Home > Trade > Teaching why the Balance of Payments equals zero.

Teaching why the Balance of Payments equals zero.

A HT to colleague Nick Lloyd for this great explanation of the relationship between the current account and the capital and financial accounts. In theory the balance of payments should equal zero and this is one area that students find hard to comprehend. Hope you find it as useful as I did.

The Relationship between the Current Account and the Capital and Financial Account

A few starting points:

  1. Gross Domestic Product (GDP) = C + I + G + (X – M)
  2. Gross National Product (GNP) = GDP plus Net Income (Income Credits (Yc) – Income Debits (Yd))
  3. Saving/Investment Gap (S – I) = Balance on Capital and Financial Account (Capital Outflows (Ko) – Capital Inflows (Ki))
  4. Current Account Balance = Trade Balance (X – M) + Net Income (Yc – Yd)
  5. National Savings = GNP – (Private Spending (C) + Government Spending (G))

Now:

GNP                                      =               GDP + (Yc – Yd) =  C + I + G + (X – M) + (Yc – Yd)
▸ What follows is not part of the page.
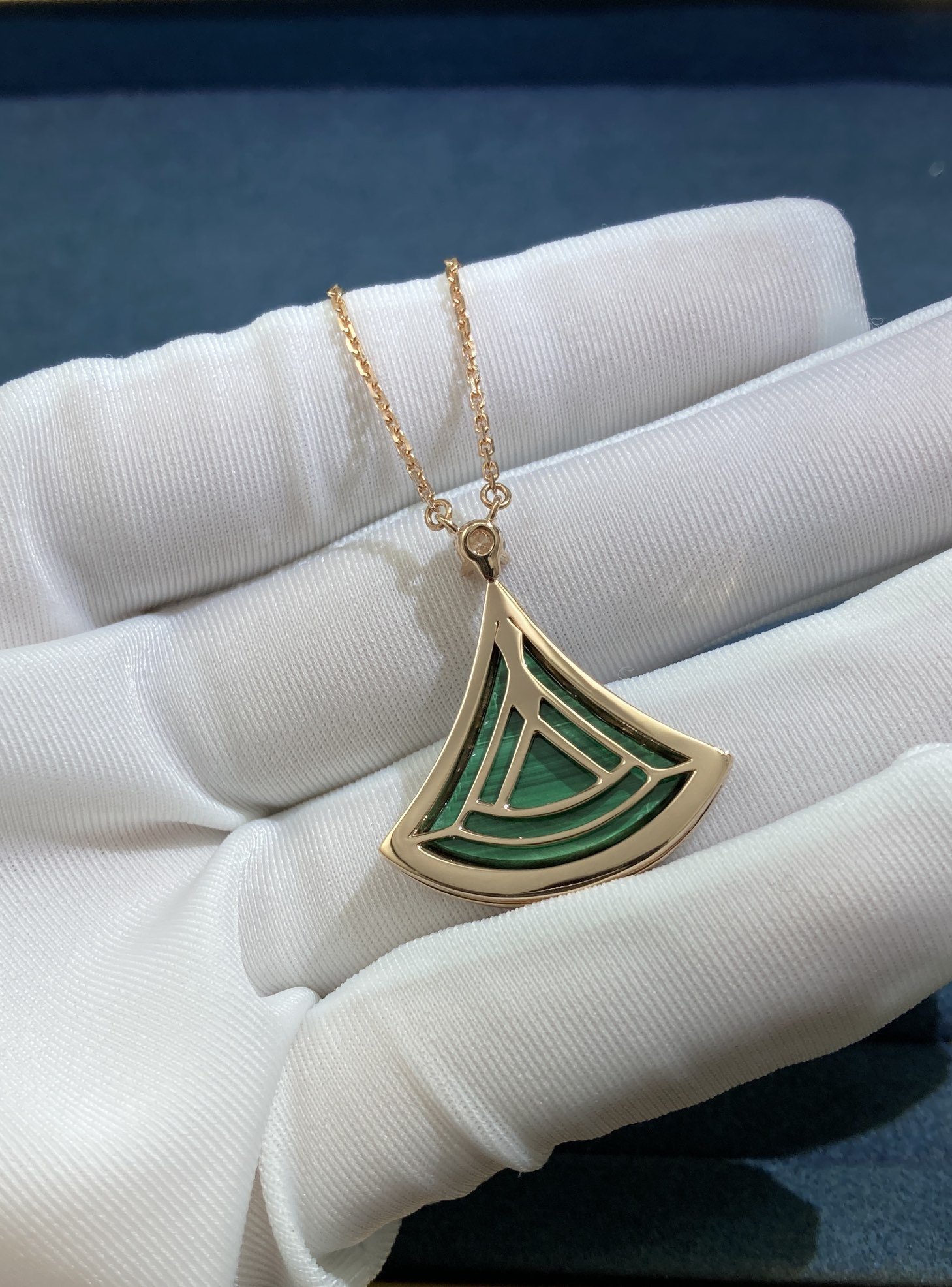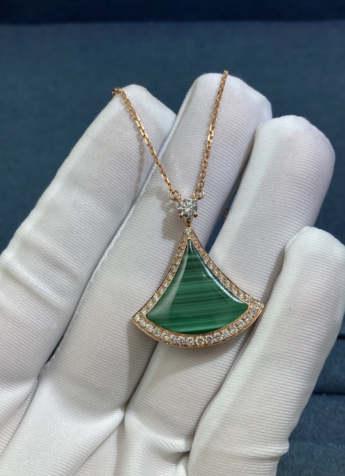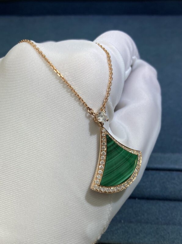 Malachite Skirt Necklace with Diamonds, Rose Gold

GNP – (C + I + G)                 =               (X – M) + (Yc – Yd)

GNP – (C + G) – I                 =               (X – M) + (Yc – Yd)
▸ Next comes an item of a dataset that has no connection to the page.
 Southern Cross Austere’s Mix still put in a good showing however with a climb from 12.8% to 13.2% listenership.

S – I                                    =               (X – M) + (Yc – Yd)

Balance on Capital & Financial Account               =               Balance on Current Account

 

Another way to arrive at the same conclusion:

Assuming freely floating exchange rate is in equilibrium:

Demand for Currency = Supply of Currency

Demand comes from:     X + Yc + Ki

Supply comes from:        M + Yd + Ko

Thus when the forex market is in equilibrium:

Demand                         =               Supply

X + Yc + Ki                    =               M + Yd + Ko

(Ki – Ko)                        =               (M – X) + (Yd – Yc)
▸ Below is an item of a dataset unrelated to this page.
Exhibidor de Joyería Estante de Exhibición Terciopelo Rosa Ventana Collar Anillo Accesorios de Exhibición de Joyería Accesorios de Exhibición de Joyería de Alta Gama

Balance on CFA               =               Balance on Current Account

 

So, if as a nation you earn more than you spend (current account surplus), you are in effect lending to the rest of the world (exporting savings) by accepting IOUs in the form of your increased holdings of foreign assets (shares, land, government bonds, etc.)

If as a nation you spend more than you earn (current account deficit), you must borrow from the rest of the world (import savings) in the form of increased foreign holdings of your domestic assets (shares, land, government bonds, etc.)